---------- EXERCISE INPUT ----------

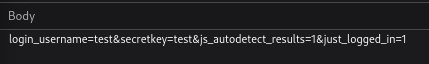 Before launching Hydra, we need the exact POST parameters. Inspecting the login request through the browser's network tab reveals the request body format: login_username, secretkey, and the failure string.
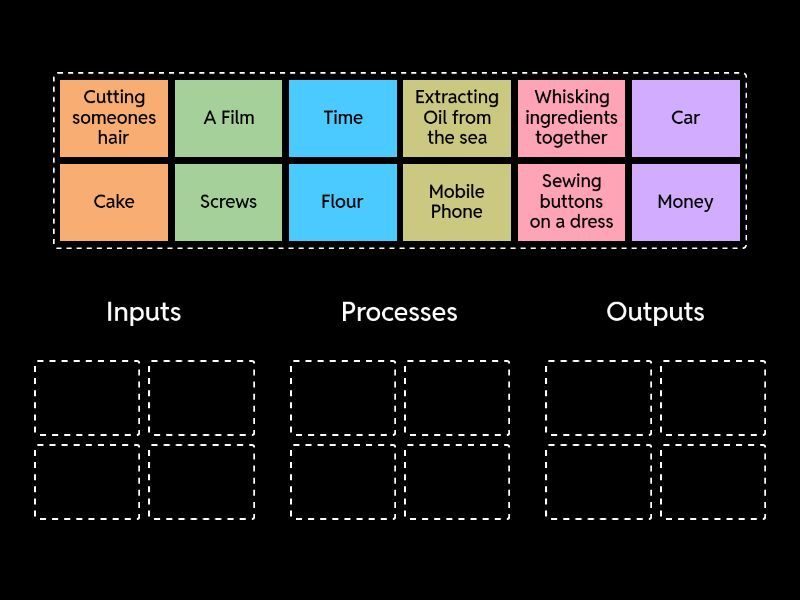 Inputs: Flour, Screws, Money, Time, Processes: Extracting Oil from the sea, Whisking ingredients together, Cutting someones hair, Sewing buttons on a dress, Outputs: Cake, A Film, Mobile Phone, Car,
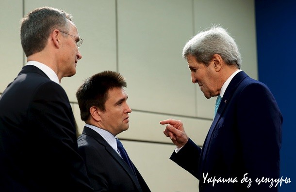 Министр иностранных дел Украины Павел Климкин встретился с госсекретарем США Джоном Керри на заседании министров НАТО в штаб-квартире Альянса в Брюсселе. Слева на фото - генсек НАТО Йенс Столтенберг
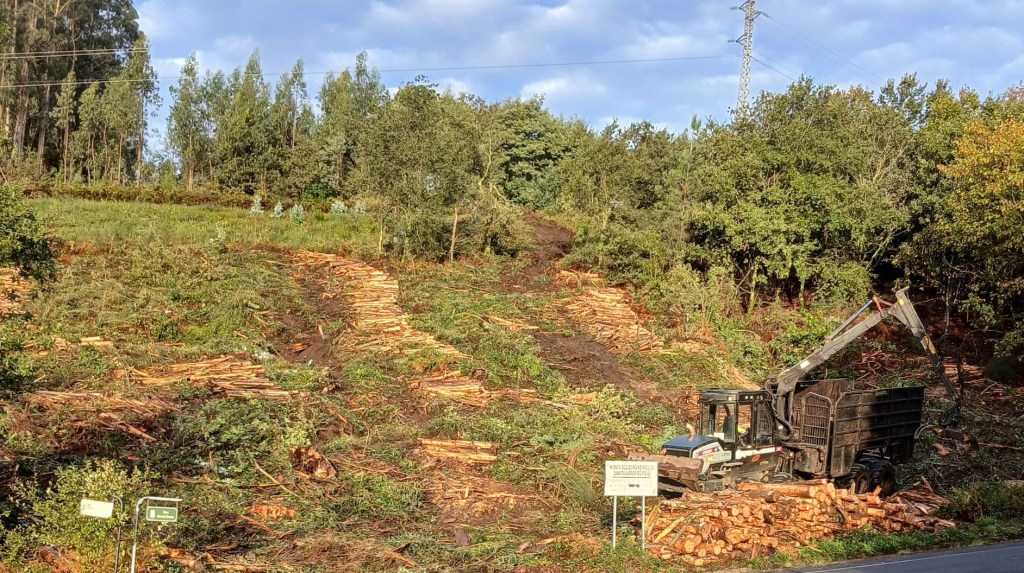 You’re never far from a eucalyptus wood or forest in Galicia. It’s an important cash crop. And – because it helps their spread in a few ways – the tree features – as a bad actor – in our (many) summer fires. Anyway, the crop is being harvested behind my house, with a huge impact on the scenery. I can no longer make my way with conviction along the many forest paths. Or at least not without the maps I had the foresight to sketch 4 or 5 years ago. And which were useful during Covid. For taking illegal walks at night.
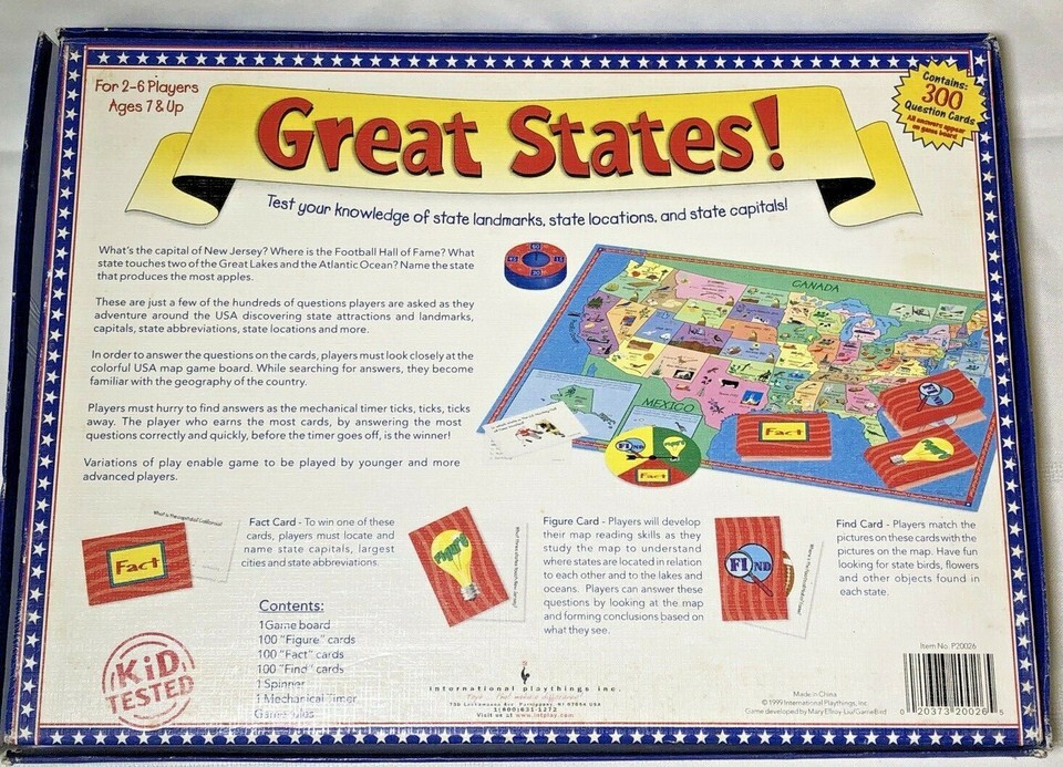 With International Playthings' Great States board game, you'll have a blast while developing your knowledge of the United States. Whether you're a geography enthusiast or just looking for a fun game to play with friends and family, Great States is the perfect choice. Get ready to embark on an exciting journey across the USA!

----------

WHAT IS REQUIRED. Line by line, write out the records above exactly, skipping the pictures.

WORKED SOLUTION.
 Before launching Hydra, we need the exact POST parameters. Inspecting the login request through the browser's network tab reveals the request body format: login_username, secretkey, and the failure string.
 Inputs: Flour, Screws, Money, Time, Processes: Extracting Oil from the sea, Whisking ingredients together, Cutting someones hair, Sewing buttons on a dress, Outputs: Cake, A Film, Mobile Phone, Car,
 Министр иностранных дел Украины Павел Климкин встретился с госсекретарем США Джоном Керри на заседании министров НАТО в штаб-квартире Альянса в Брюсселе. Слева на фото - генсек НАТО Йенс Столтенберг
 You’re never far from a eucalyptus wood or forest in Galicia. It’s an important cash crop. And – because it helps their spread in a few ways – the tree features – as a bad actor – in our (many) summer fires. Anyway, the crop is being harvested behind my house, with a huge impact on the scenery. I can no longer make my way with conviction along the many forest paths. Or at least not without the maps I had the foresight to sketch 4 or 5 years ago. And which were useful during Covid. For taking illegal walks at night.
 With International Playthings' Great States board game, you'll have a blast while developing your knowledge of the United States. Whether you're a geography enthusiast or just looking for a fun game to play with friends and family, Great States is the perfect choice. Get ready to embark on an exciting journey across the USA!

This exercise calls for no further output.